Dynamic response of steam-reformed, methanol-fueled, polymer electrolyte fuel cell systems

Analytical models have been developed to study the dynamic response of steam-reformed, methanol-fueled, polymer electrolyte fuel cell (PEFC) systems for transportation applications. Attention is focused primarily on the heat transfer effects which are likely to limit rapid response of PEFC systems. Depending on the thermal mass, the heat exchangers and the steam reformer can have time constants of the order of several seconds to many minutes. On the other hand, the characteristic time constants associated with pressure/density disturbances arising from flow rate fluctuations are of the order of milliseconds. The dynamic reformer model has been used to examine the methanol conversion efficiency and the thermal performance during a cold start.
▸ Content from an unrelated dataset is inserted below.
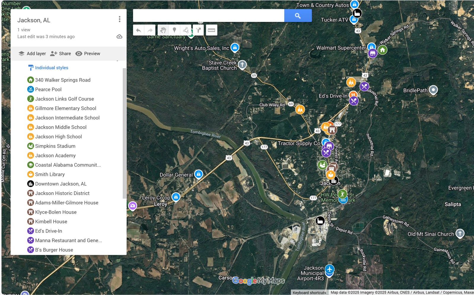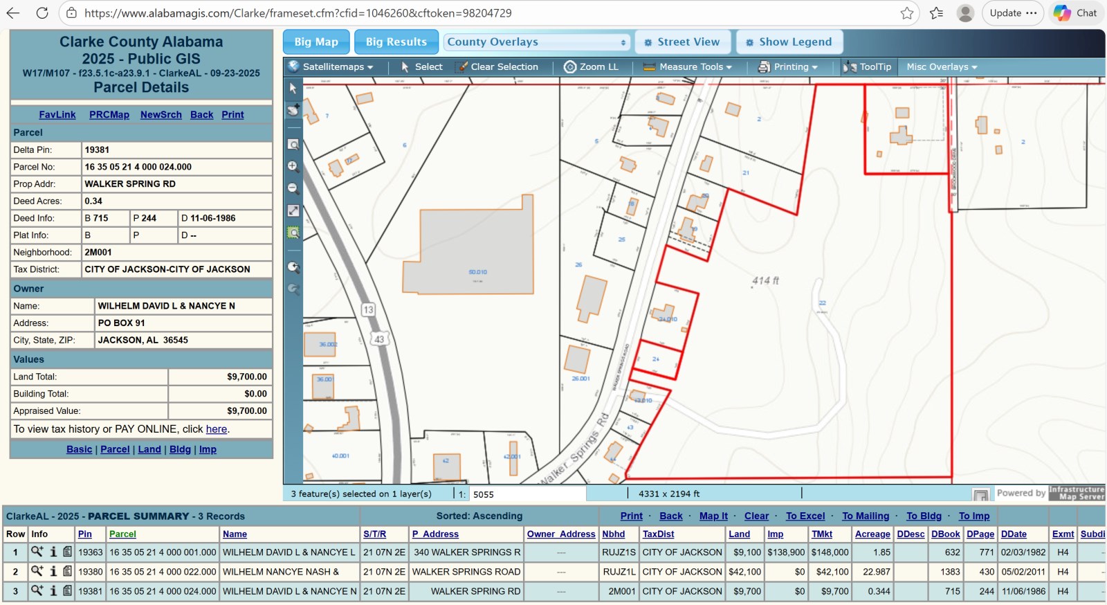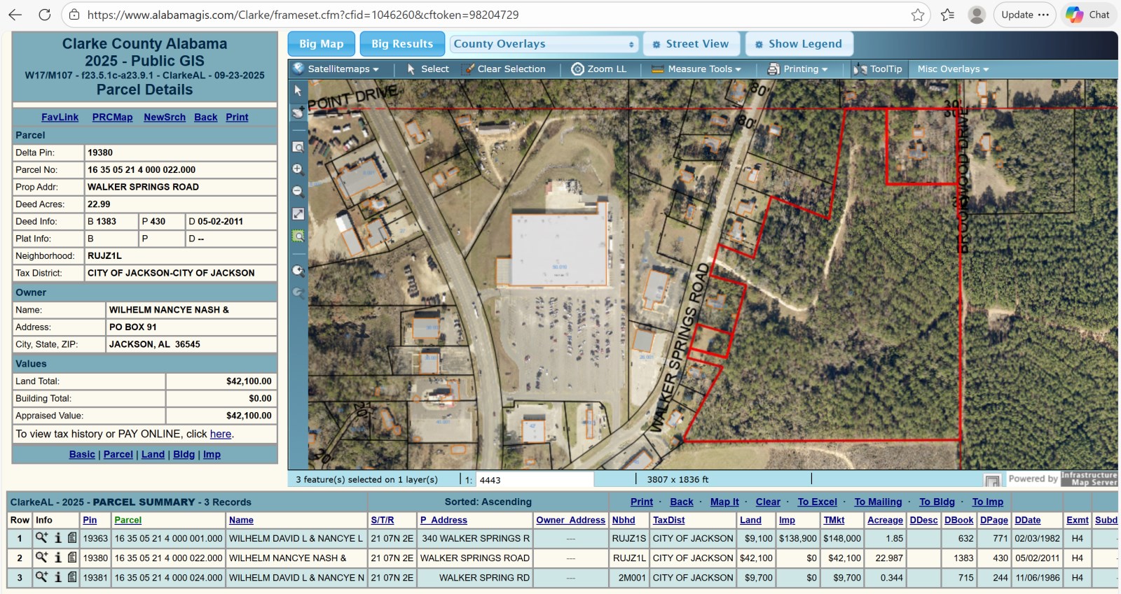 Travel on US Highway 43 to Jackson, AL. Turn onto Walker Springs Road at the traffic signal/light next to the Walmart. Travel down Walker Springs Road only a quarter of a mile. Look for a green "340 Walker Springs Road" sign next to a private gravel road on the right immediately after Alabama Career Center System and Fresenius Kidney Care Tombigbee (these buildings are opposite on the left side of the road). Proceed down the gravel road a quarter of a mile to the house and other buildings on the property. Observe much of the property on both sides of the road as you travel down the gravel road. Be sure to coordinate with Julia Brooks at Village Properties prior to entering the gravel road and property.

Response times are determined to achieve 50-100% of the steady-state methanol conversion for two catalyst tube diameters, The thermal performance is considered in terms of the approach to steady-state temperature, possibility of catalyst overheating, and the penalty in system efficiency incurred during the start-up time. For the complete reference PEFC system various turn-down scenarios were simulated by varying the relative rates of change of fuel cell loading and system flows. It is shown that depending on the relative rates of cell loading changes to flow rate changes overheating of the catalyst can occur due to excess heat transfer in the reformer preheater. This can be controlled by an additional water quench between the catalyst bed and preheater, but only if the flow rate change is sufficiently fast relative to the load changes.